Analysis of Circular
The implications arising from the circular are as follows:

(i)In cases of entities engaged in Relief of the Poor, education or medical relief, there is going to be no change at all, they would continue to be eligible for exemption as charitable institution even if they incidentally carry on a commercial activity subject to the conditions as prescribed in Section 11(4A) or seventh proviso to Section 10(23C), whichever is applicable.

(ii) Industries or trade associations having object for charitable purpose coming specifically under the forth limb of the definition of ‘charitable purpose’ under Section 2(15) has to qualify the test of ‘mutuality’ to avail the benefit of exemption. There will be no other way in which the exemption can be availed. In cases of mixed dealings the exemption will be limited only to the extent of dealing with members only and dealing with non members will be devoid of such exemption. If any business or trade activity an organization is bound to carry on in order to fulfill its obligation of charity, it is very difficult to foresee a scenario in which that incidental activity is limited to members of the organization as the charity may be for the non members too. Further, the concept of ‘mutuality’ itself is a contentions and lot of litigation has already gone and still going on.

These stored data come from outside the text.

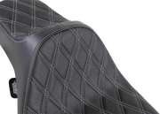 DRAG SPECIALTIES Extended Reach Predator III Seat - Double Diamond - Silver Stitching - Touring '99-'07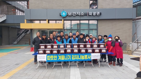 이규룡 미양면장은 “추운 날씨에도 기꺼이 김장 행사에 참여해주신 박온숙 위원장님 및 위원님들께 진심으로 감사드린다”며 “미양면 지역사회 복지 증진에 늘 관심과 노력을 기울이겠다고”고 말했다.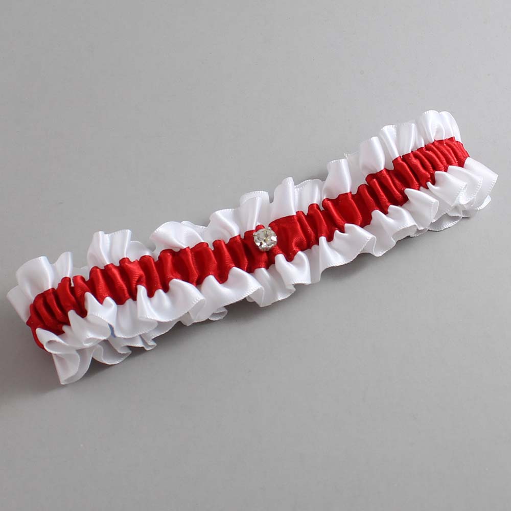 White and Red Satin Wedding Garter / White and Red Wedding Garters / Solitaire # (112-299)-01-M04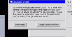 這個警告的出現(xiàn)是因為物體的間距大小最小物體特征的10%(將它考慮為網(wǎng)格容差設置)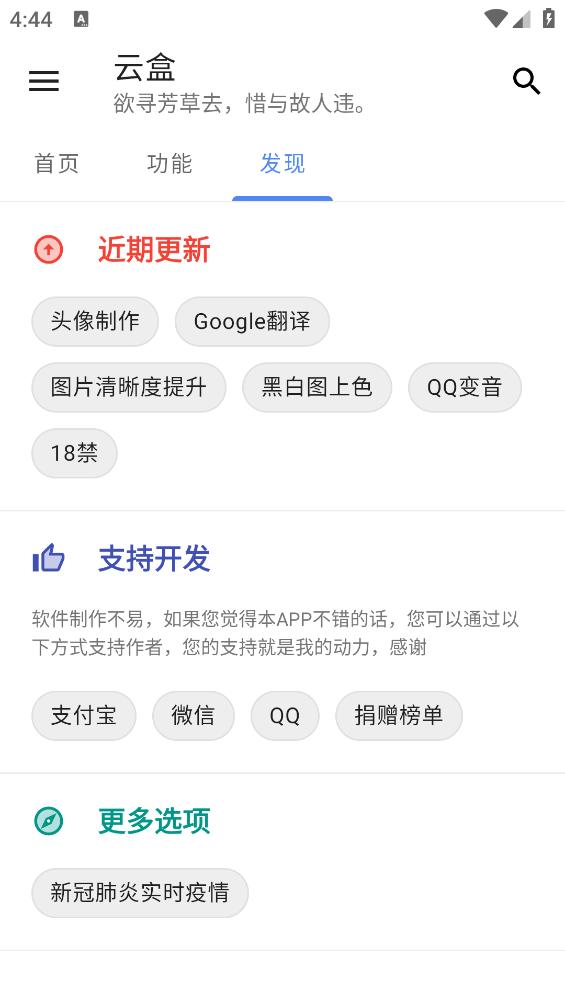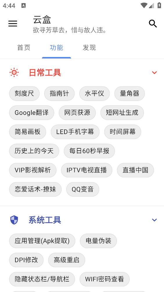 云盒app是一款非常实用的手机工具箱。软件为用户提供了超多的日常实用工具,用户可以随时在线使用,软件内的工具操作简单,方便实用,让用户生活更便捷,快来下载使用吧。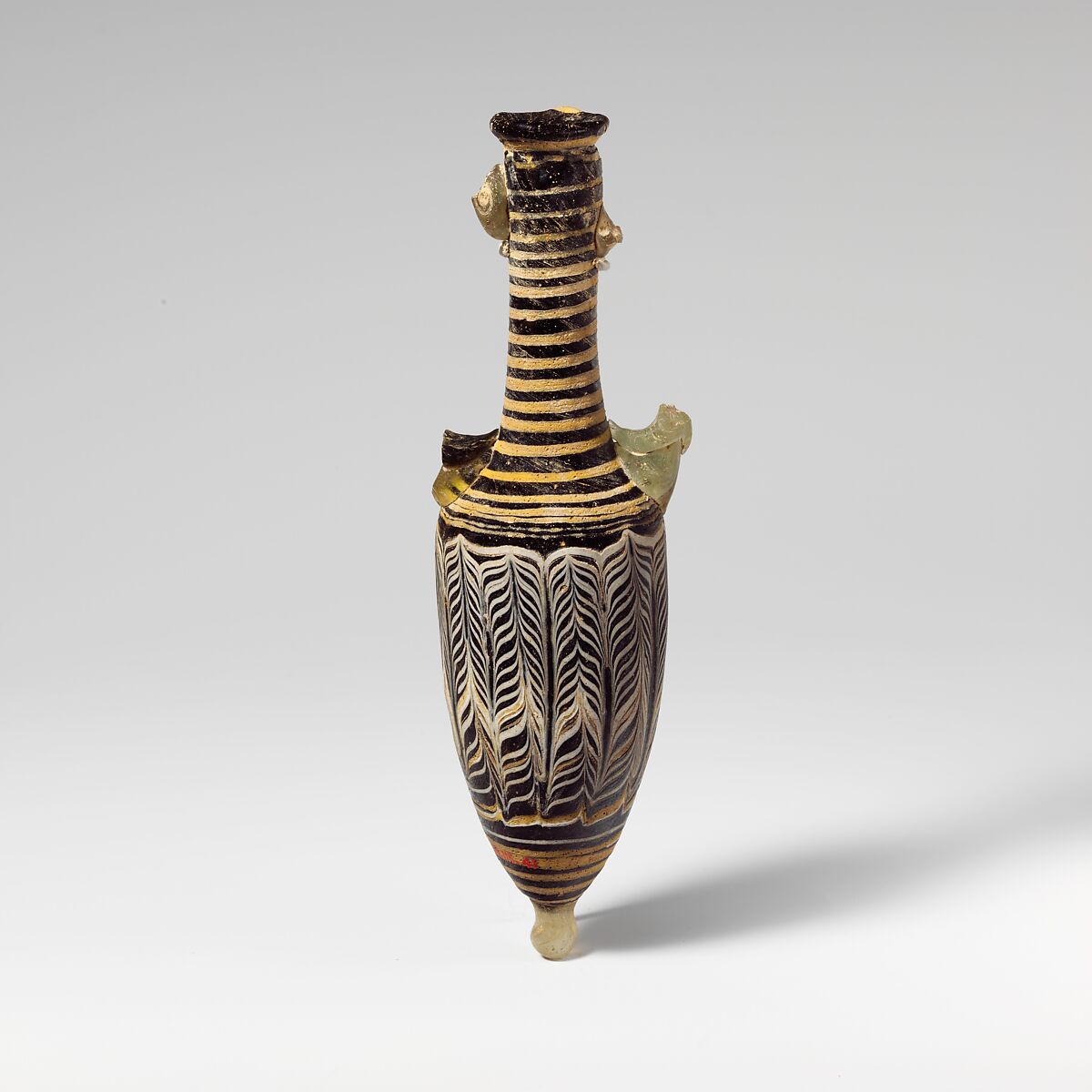 Uneven rim-disk, with rounded edge and sloping inward; tall, slender cylindrical neck, with tooling indents around top; narrow sloping shoulder; elongated, narrow ovoid body; pointed bottom with applied base-knob; two vertical handles applied with separate pads on shoulder, and pressed on to upper neck.
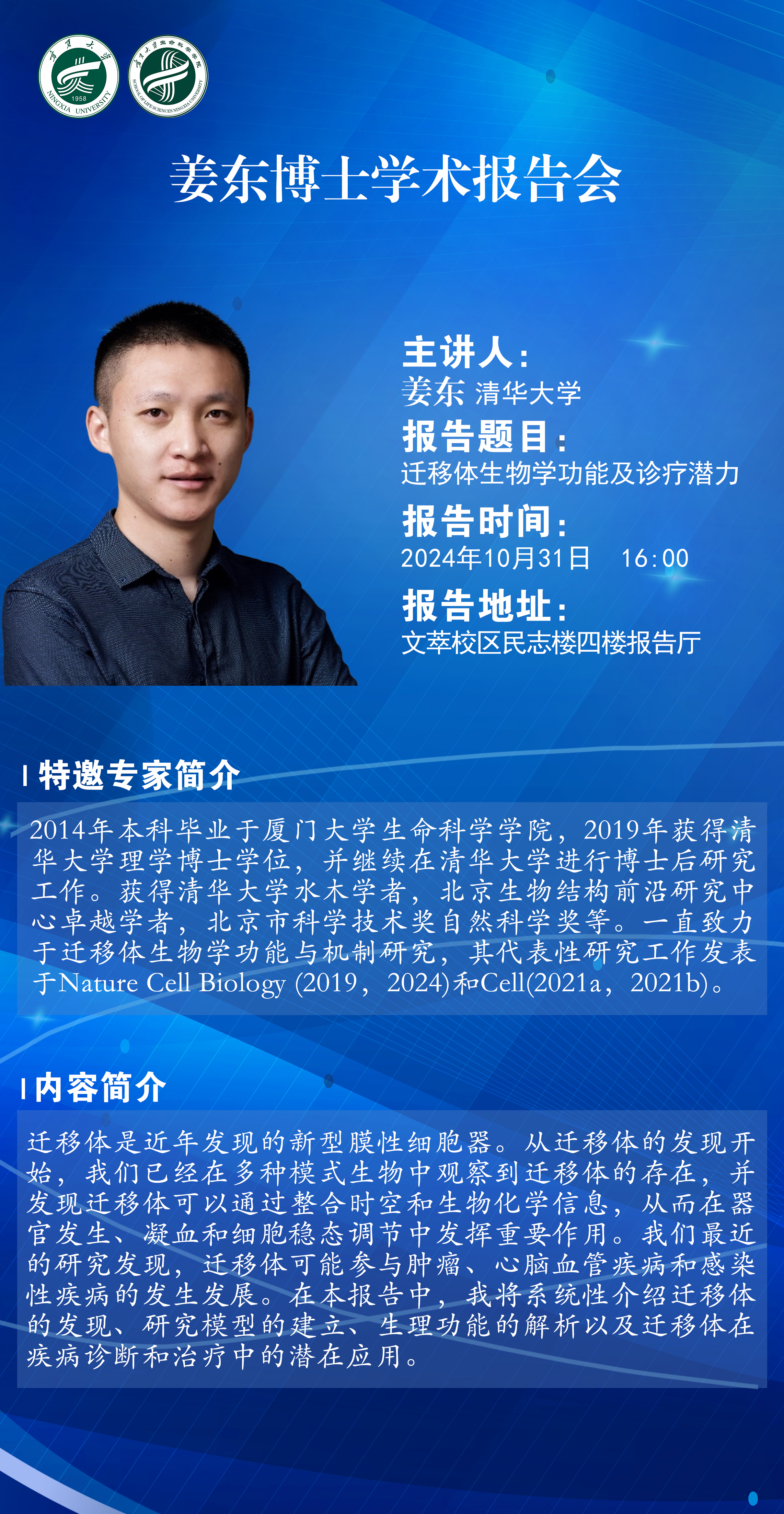 迁移体是近年发现的新型膜性细胞器。从迁移体的发现开始,我们已经在多种模式生物中观察到迁移体的存在,并发现迁移体可以通过整合时空和生物化学信息,从而在器官发生、凝血和细胞稳态调节中发挥重要作用。我们最近的研究发现,迁移体可能参与肿瘤、心脑血管疾病和感染性疾病的发生发展。在本报告中,我将系统性介绍迁移体的发现、研究模型的建立、生理功能的解析以及迁移体在疾病诊断和治疗中的潜在应用。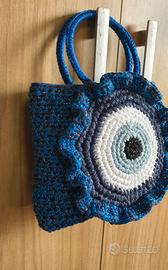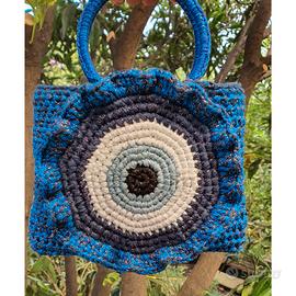 Borsa occhio turco realizzata a mano con uncinetto brillantini "chiusura strappo Misure 26×24 #borsauncinetto#occhioturco#fattaamano#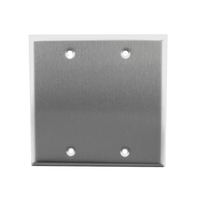 Our stainless steel blank faceplate double gang is the perfect solution for covering unused double gang work area outlets, keeping spaces safe, clean, and professional looking.

(iii) Since no generalization is now possible in view of this amendment, the issue whether an entity is eligible for exemption or not will be decided on case to case basis and this will lead to an increase in cost in terms of time and money in litigation. Courts will have to once gain take view on the matters which have as of now been settled by the highest court in this country. This will amount to unsettling the settled position of law. Further, this will mean giving power to the department officials to deal with and decide such matters. This will also lead to certain absurd results like some activity being charitable upto 31st March, 2008, even, in the view of highest judicial authority and suddenly it becoming non charitable from 1st April, 2008.

(iv) There may be some genuine charitable trusts or organizations which have obligation of charitable nature and to fulfill those they have to earn some business income by legitimate activities, properly disclosed in the books of accounts and records, the income derived from these entities would not be eligible for exemption even if they are applied for charitable purposes.

In this view, it can be seen that the said circular pertaining to amendment to Section 10(15) may prove to be deterrent to some very genuine charitable work to be done in our nation. More so, no specific provision or no specific exclusion for Chamber of Commerce and other such organizations have been brought out in that circular, as was promised by the Finance Minister himself.